##### Data #####
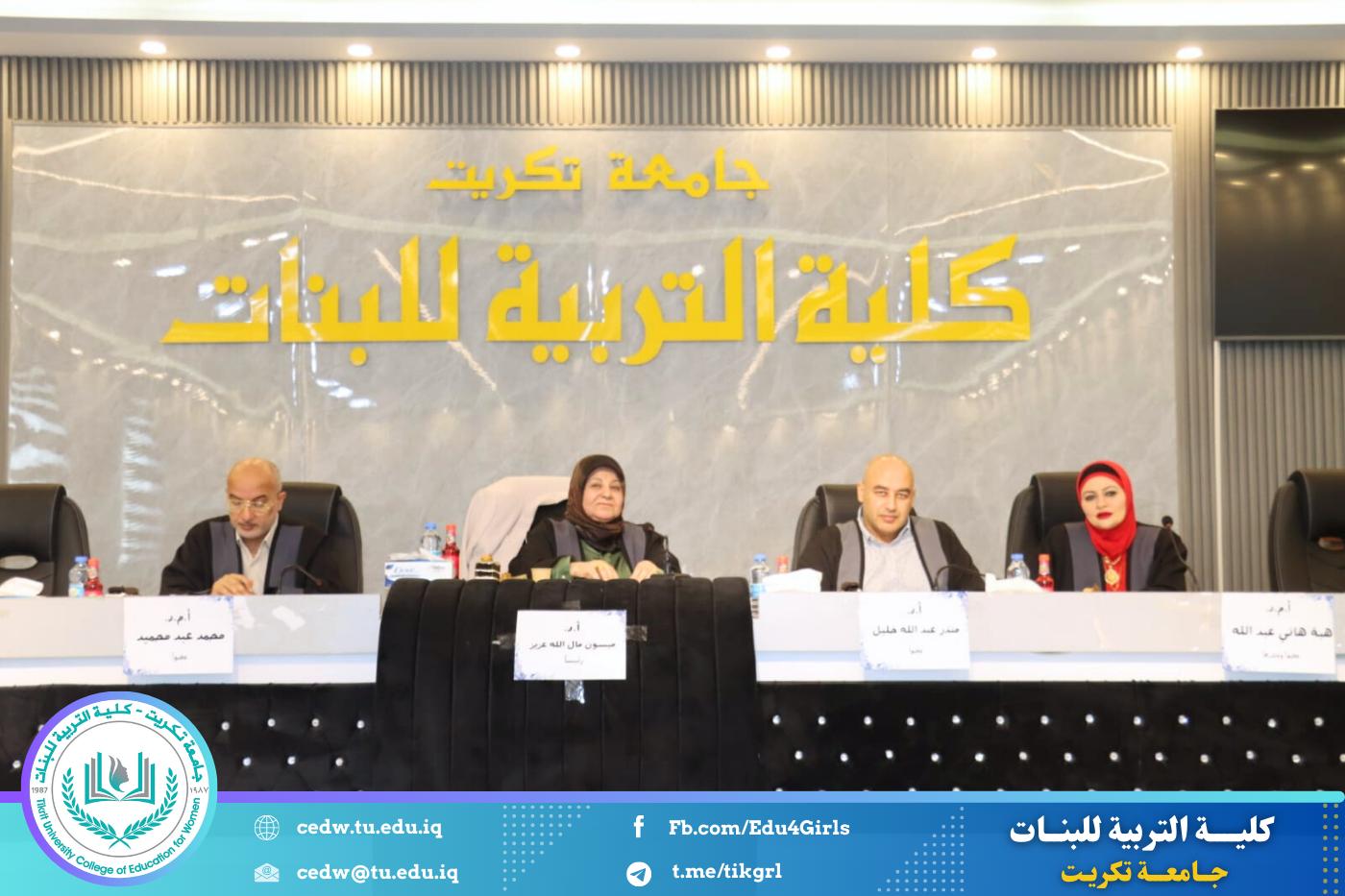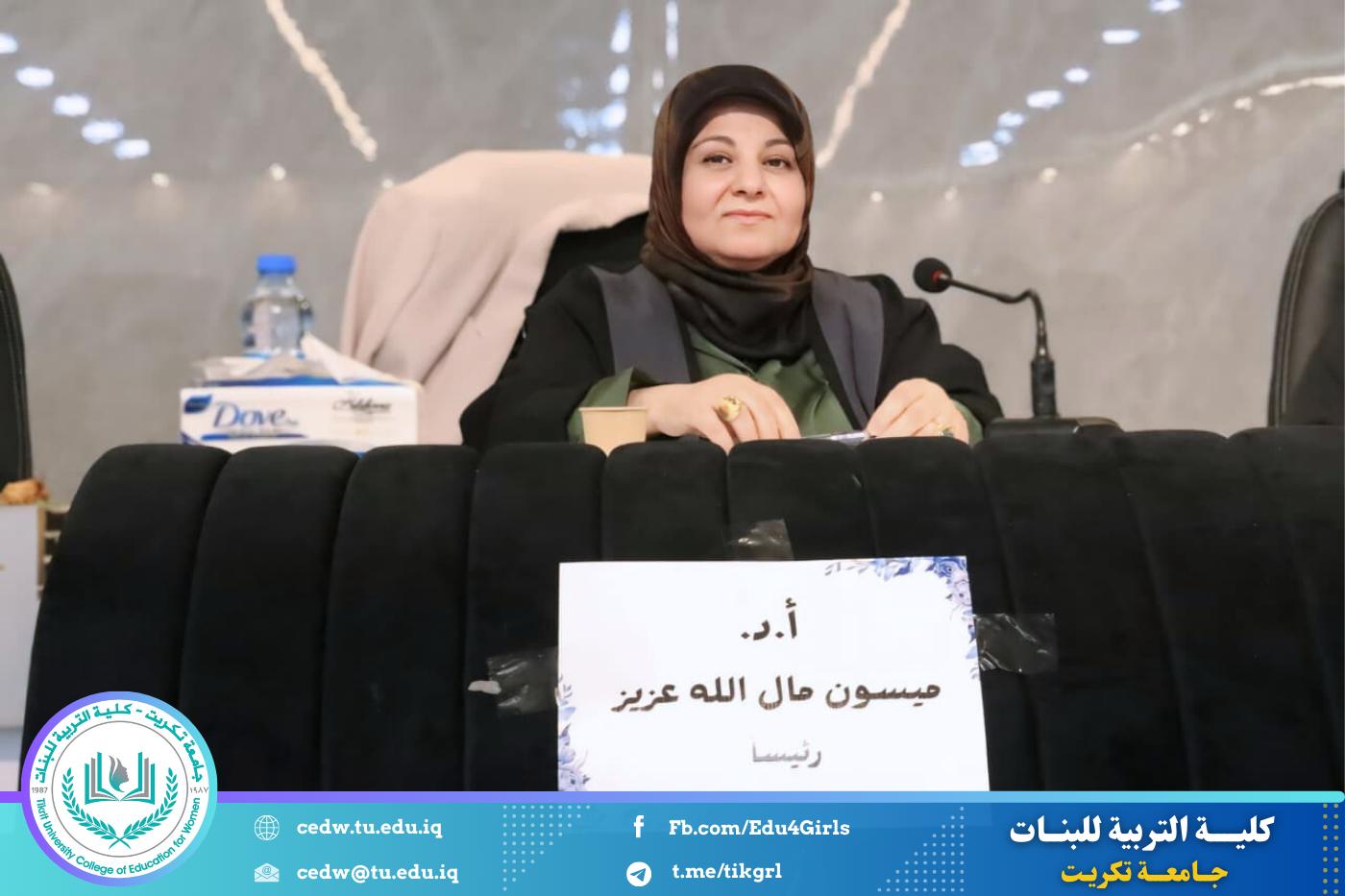 شهدت كلية التربية للبنات بجامعة تكريت/ قسم الرياضيات، صباح يوم الثلاثاء الموافق ٩ أيلول ٢٠٢٥، مناقشة رسالة الماجستير المقدّمة من الطالبة (إيلاف سعيد شعبان)، والموسومة: "استقرارية نماذج فورير للانحدار الذاتي لتوزيع الفرق الزمني ديناميكيًا مع التطبيق"، وذلك على رحاب قاعة المرحوم الأستاذ الدكتور جايد زيدان.
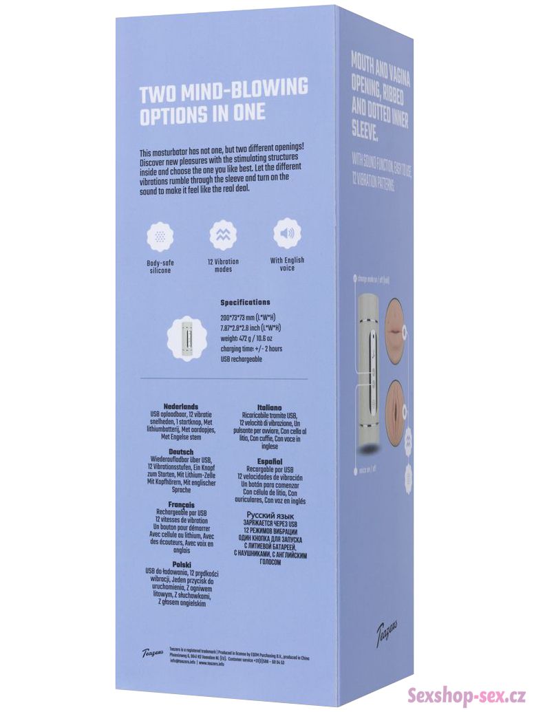 Masturbátor je oboustranný – na jedné straně má realisticky vymodelovanou vaginu, na druhé ústa. Má středně silné a hluboké vibrace a vydává zvuky.
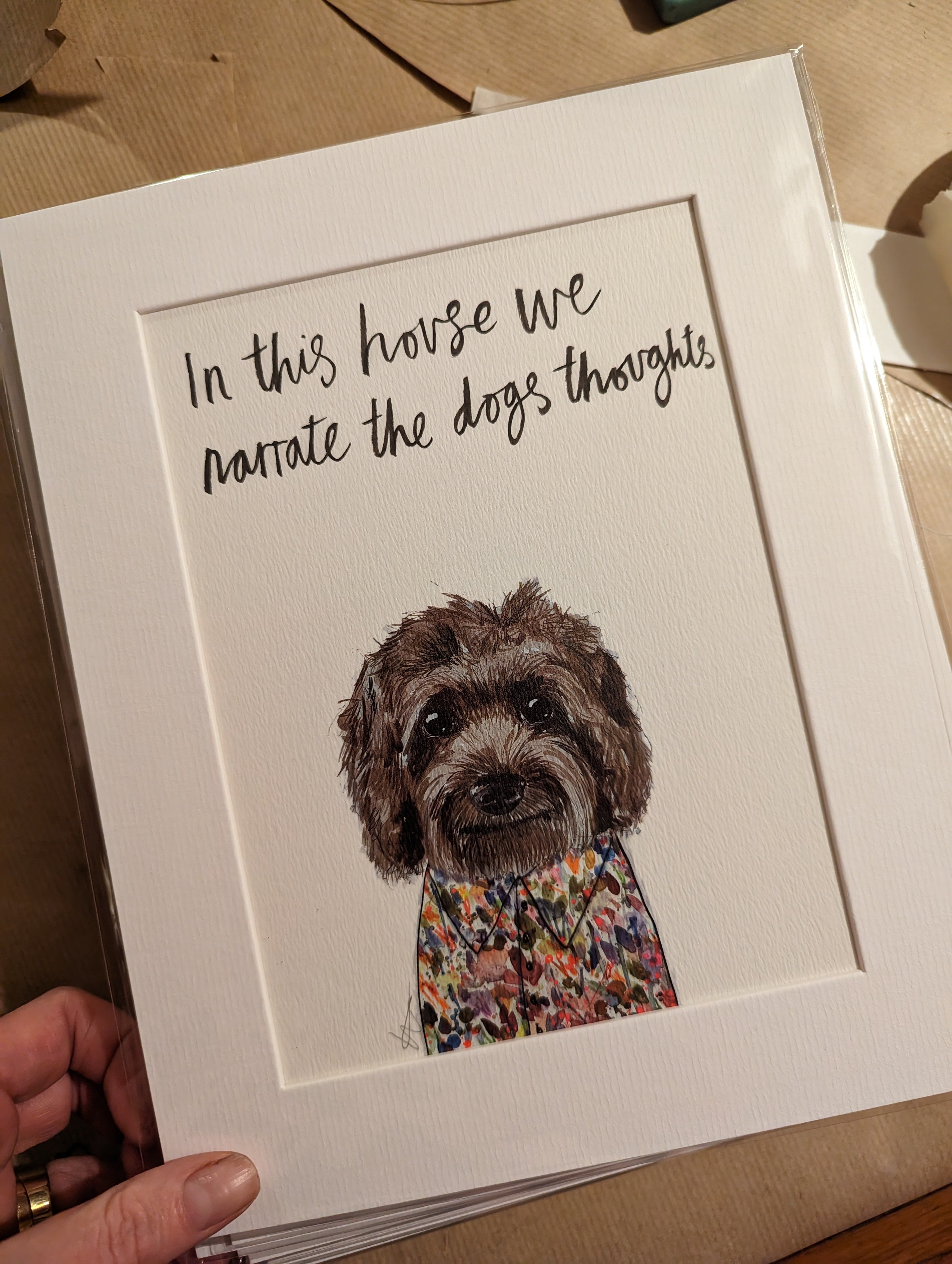 This collection of animals in shirts are giclée prints of original watercolour illustrations. Abi paints the animals and sends them to Roz in London to get their shirts fitted. All prints begin plain, but Abi can personalise any animal with your choice of phrase or quote, hand written in brush pen calligraphy witch Indian ink. Please type the phrase you want written on your print in the personalised message box.
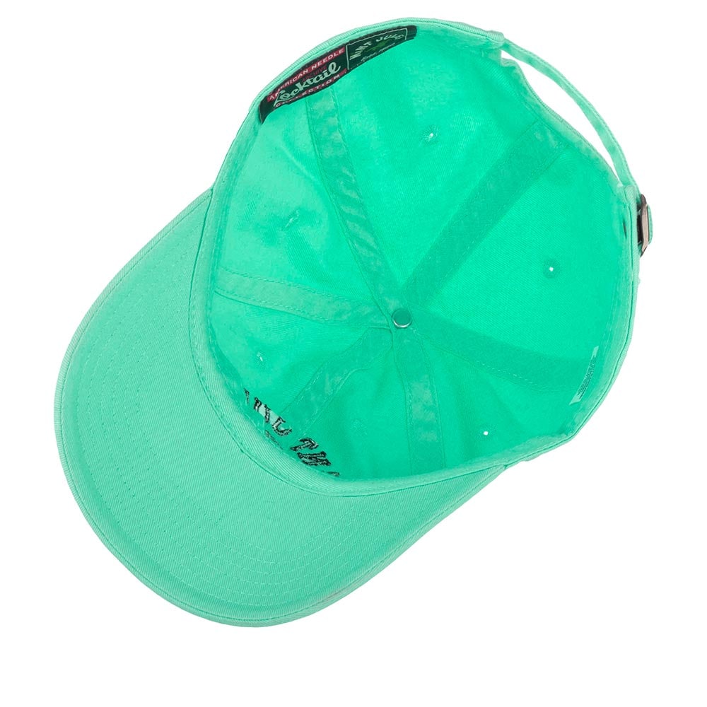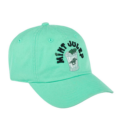 Американская бейсболка Mint Julep из серии Archive Coctail. Бейсболка сшита из чистого хлопка мятного оттенка. Модель с широким чуть изогнутым прошитым козырьком. На передней мягкой панели вышиты название коктейля Mint Julep, листья мяты и наездник, которого дизайнеры поместили внутрь стакана. Джулеп – официальный напиток Кентуккийского дерби (конных скачек). Его делают на основе бурбона (или другого крепкого спиртного напитка), воды, дробленого льда и свежей мяты. Размер бейсболки регулируется с помощью текстильного ремешка с металлической пряжкой и кнопки. Длина козырька – 7 см, глубина – 11 см. Для комфортной посадки внутри предусмотрена хлопковая лента, на ней – фирменная нашивка с названием архивной коллекции и датой 1850 – предполагаемый год, когда напиток джулеп впервые был изготовлен в одном из американских баров. К бейсболке прилагается вкладыш с аутентичной рецептурой коктейля.
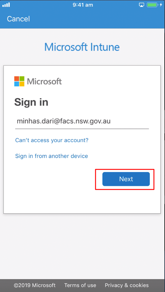 | Step (2) On the Microsoft Intune Sign In screen; in the Username field, enter your DCJ email address in the format below and tap 'Next' For e.g.Firstname.Lastname@facs.nsw.gov.au
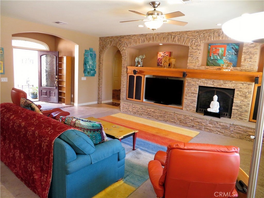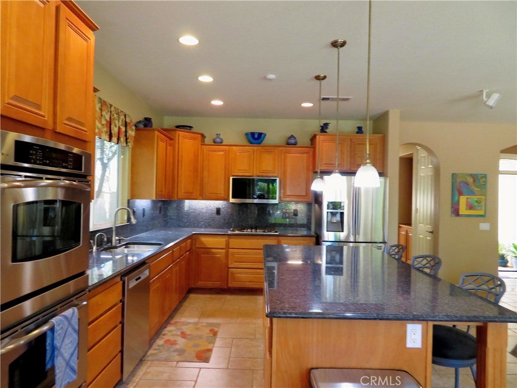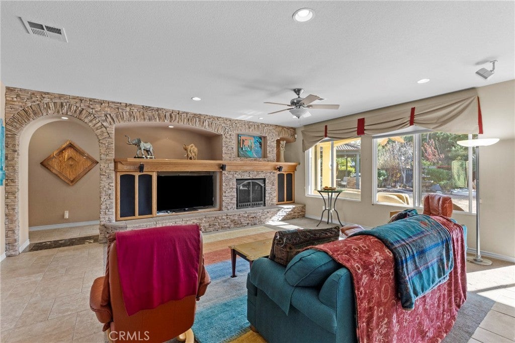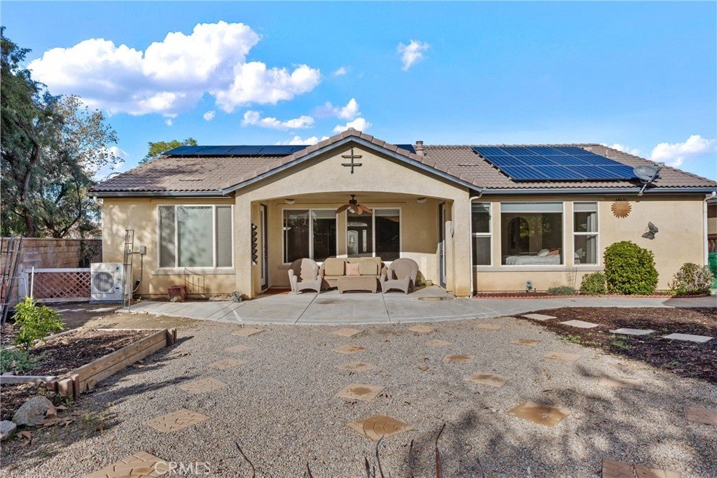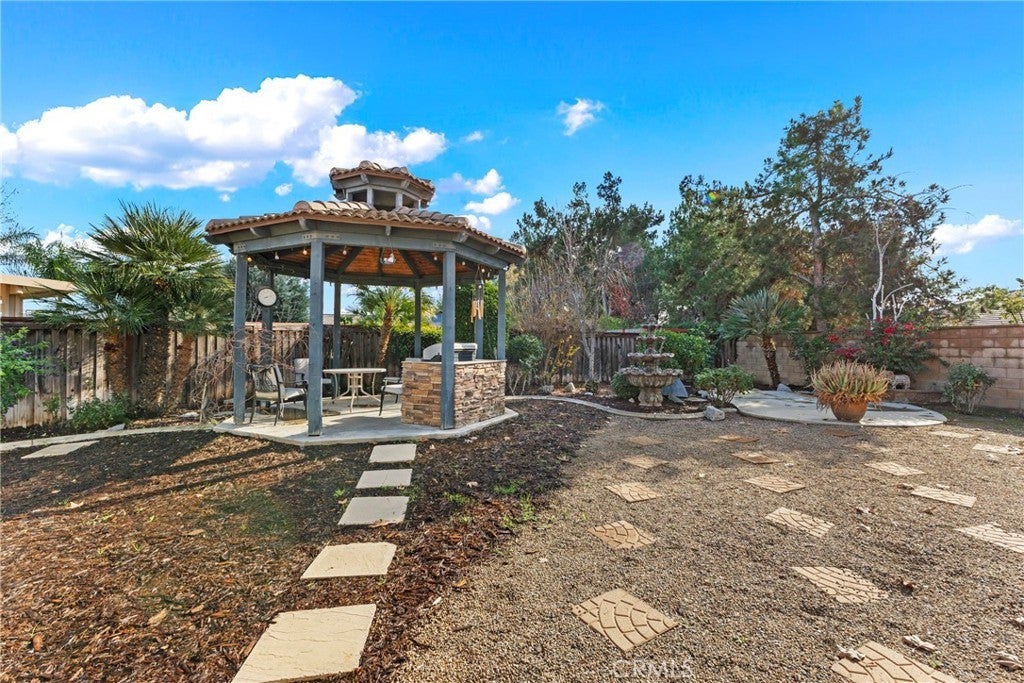 Welcome to this unique home at 29301 Lake Hills Drive. Menifee, CA 92585, a beautifully maintained single-story home offering comfort and style. Set on a generous 9,583-square-foot lot, 2,196-square-foot of living space and was built in 2005.This home features three spacious bedrooms plus a bonus room that can serve as a fourth bedroom or home gym. The open floor plan boasts high ceilings, recessed lighting, large windows, and a charming center courtyard that fills the home with natural light. The kitchen is a chef’s dream with a granite center island, upgraded stainless steel appliances including a double oven, microwave, refrigerator, and a walk-in pantry. The open family room includes a cozy fireplace and expansive views of the backyard through large windows. The home also features a low-maintenance front yard, offering curb appeal without the hassle. This home offers a private retreat, perfectly blending comfort with nature. Situated next to a scenic pathway, you can enjoy peaceful walks just steps from your door and walking distance to the serene lake. The spacious master bedroom is a true sanctuary, featuring a large walk-in closet, a separate jetted soaking tub, and a luxurious glass-enclosed steam shower. Two additional bedrooms offer ample natural light with large windows overlooking the street. The home also includes an inside laundry room, a three-car garage with a water softener system and paid solar panels. The essential appliances like the refrigerator, stove, microwave, washer, and dryer—all staying with the home for your convenience. Step outside to an entertainer’s dream backyard featuring a covered California room-style patio, a big water fountain, a cozy gazebo, and a stone-built barbecue perfect for gatherings. The yard offers fruit trees, grapevines, wooden garden boxes, and a low-maintenance full sprinkler and drip irrigation system. This home has home surge protection, fireguard protection breakers to protect the home circuits, heating and air conditioning is provided by 5-ton heat pump. Expanded solar capacity to include additional panels and 2 Tesla batteries. Limit of 5% yearly growth of energy bills starting under $200/month. Beyond this property, enjoy the resort-style amenities of this beautiful Heritage Lake Community, including 25 acres of lake with paddle boats and catch-and-release fishing, two junior Olympic swimming pools, a clubhouse, and waterfront walking, jogging, and parks.
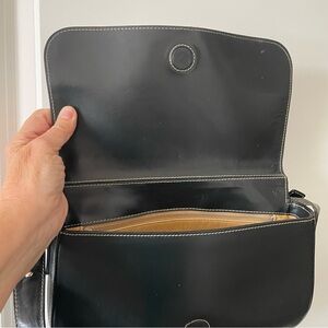 Luxurious black beauty! Dooney & Bourke top of the line Italian leather Full Flap purse from the Toiny collection, circa 2001. Measures appx. 10.5" x 6" x 2.5". Strap drop is appx. 9.5". Front flap has magnetic closure. One inside zip pocket. Outside has some scratches and some of the white stitching is missing from the front flap. This should be an easy fix with a needle and thread, or by a shoe repair shop. Inside has some dirt I did not try to clean. Unique double leather strap. From smoke-free home.
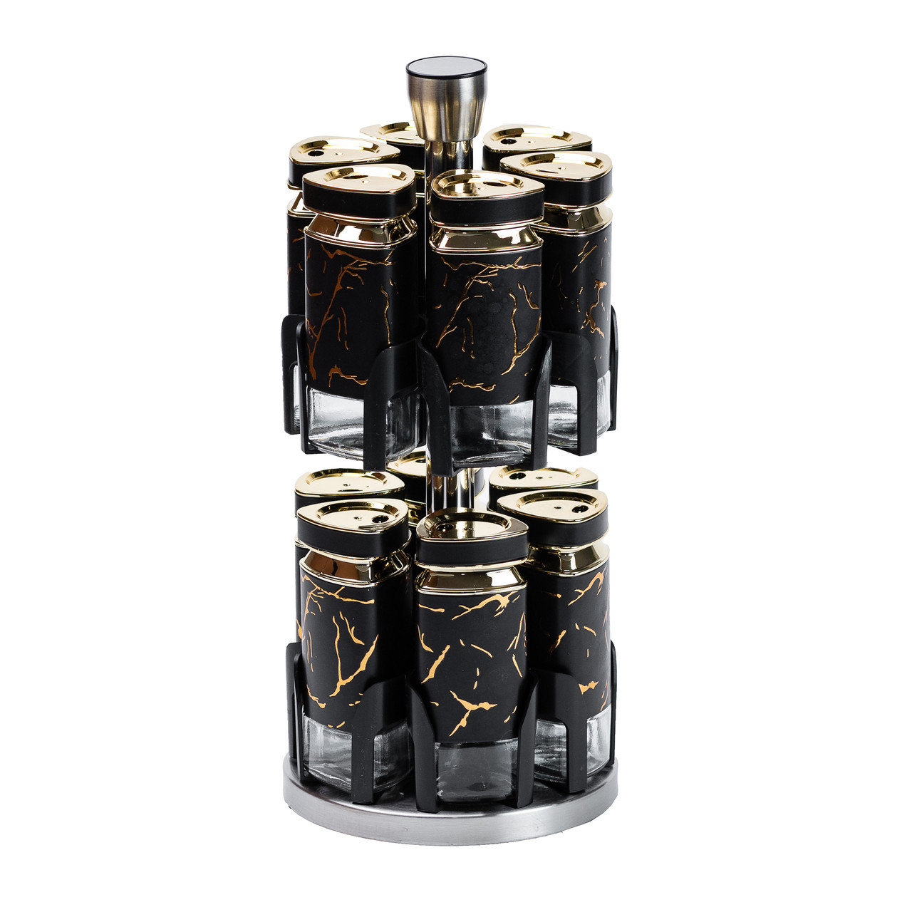 Набір для спецій на підставці 12 баночок по 120 мл, чорний мармур HP1356
#####
§ Aim of the task: Each line between the one holding "Американская бейсболка Mint" and the one holding "tap 'Next' For e.g.Firstname.Lastname@facs.nsw.gov.au", inclusive, should be copied exactly as it appears above, and pictures should be omitted.

§ Response to this exercise:
 Американская бейсболка Mint Julep из серии Archive Coctail. Бейсболка сшита из чистого хлопка мятного оттенка. Модель с широким чуть изогнутым прошитым козырьком. На передней мягкой панели вышиты название коктейля Mint Julep, листья мяты и наездник, которого дизайнеры поместили внутрь стакана. Джулеп – официальный напиток Кентуккийского дерби (конных скачек). Его делают на основе бурбона (или другого крепкого спиртного напитка), воды, дробленого льда и свежей мяты. Размер бейсболки регулируется с помощью текстильного ремешка с металлической пряжкой и кнопки. Длина козырька – 7 см, глубина – 11 см. Для комфортной посадки внутри предусмотрена хлопковая лента, на ней – фирменная нашивка с названием архивной коллекции и датой 1850 – предполагаемый год, когда напиток джулеп впервые был изготовлен в одном из американских баров. К бейсболке прилагается вкладыш с аутентичной рецептурой коктейля.
 | Step (2) On the Microsoft Intune Sign In screen; in the Username field, enter your DCJ email address in the format below and tap 'Next' For e.g.Firstname.Lastname@facs.nsw.gov.au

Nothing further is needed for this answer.